<< Chapter < Page Chapter >> Page >

Occipital bone

The occipital bone    is the single bone that forms the posterior skull and posterior base of the cranial cavity ( [link] ; see also [link] ). On the base of the skull, the occipital bone contains the large opening of the foramen magnum    , which allows for passage of the spinal cord as it exits the skull. On either side of the foramen magnum is an oval-shaped occipital condyle    . These condyles form joints with the first cervical vertebra and thus support the skull on top of the vertebral column.

Posterior view of skull

This figure shows the posterior view of the skull and the major parts are labeled.
This view of the posterior skull shows attachment sites for muscles and joints that support the skull.

Sphenoid bone

The sphenoid bone    is a single, complex bone of the central skull . It serves as a “keystone” bone, because it joins with almost every other bone of the skull. The sphenoid forms much of the base of the central skull and also extends to the temple area at the sides of the skull . Inside the cranial cavity, the bone with right and left wings which resemble the wings of a flying bird. The sella turcica    (“Turkish saddle”) is located at the midline of the sphenoid bone.

Sphenoid bone

This image shows the location and structure of the sphenoid bone. A small image of the skull on the top left shows the sphenoid bone highlighted in ochre yellow. The top panel shows the superior view of the sphenoid bone and the bottom panel shows the posterior view of the sphenoid bone.
Shown in isolation in (a) superior and (b) posterior views, the sphenoid bone is a single midline bone that forms the anterior walls and floor of the middle cranial fossa.
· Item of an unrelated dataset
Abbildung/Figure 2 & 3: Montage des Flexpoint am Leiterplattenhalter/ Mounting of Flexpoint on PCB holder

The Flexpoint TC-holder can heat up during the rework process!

It has a pair of lesser wings and a pair of greater wings. The sella turcica surrounds the hypophyseal fossa. Projecting downward are the medial and lateral pterygoid plates. The sphenoid has multiple openings for the passage of nerves and blood vessels, including the optic canal, superior orbital fissure, foramen rotundum, foramen ovale, and foramen spinosum.

Ethmoid bone

The ethmoid bone    is a single, midline bone that forms the roof and lateral walls of the upper nasal cavity, the upper portion of the nasal septum, and contributes to the medial wall of the orbit ( [link] and [link] ). On the interior of the skull, the ethmoid also forms a portion of the floor of the anterior cranial cavity (see [link] b ).

Sagittal section of skull

This diagram shows the sagittal section of the skull and identifies the major bones and cavities.
This midline view of the sagittally sectioned skull shows the nasal septum.

Ethmoid bone

This image shows the location and structure of the ethmoid bone. A small image of the skull on the top left shows the ethmoid bone colored in pink. A magnified image shows the inferior view of the ethmoid bone.
The unpaired ethmoid bone is located at the midline within the central skull. It has an upward projection, the crista galli, and a downward projection, the perpendicular plate, which forms the upper nasal septum. The cribriform plates form both the roof of the nasal cavity and a portion of the anterior cranial fossa floor. The lateral sides of the ethmoid bone form the lateral walls of the upper nasal cavity, part of the medial orbit wall, and give rise to the superior and middle nasal conchae. The ethmoid bone also contains the ethmoid air cells.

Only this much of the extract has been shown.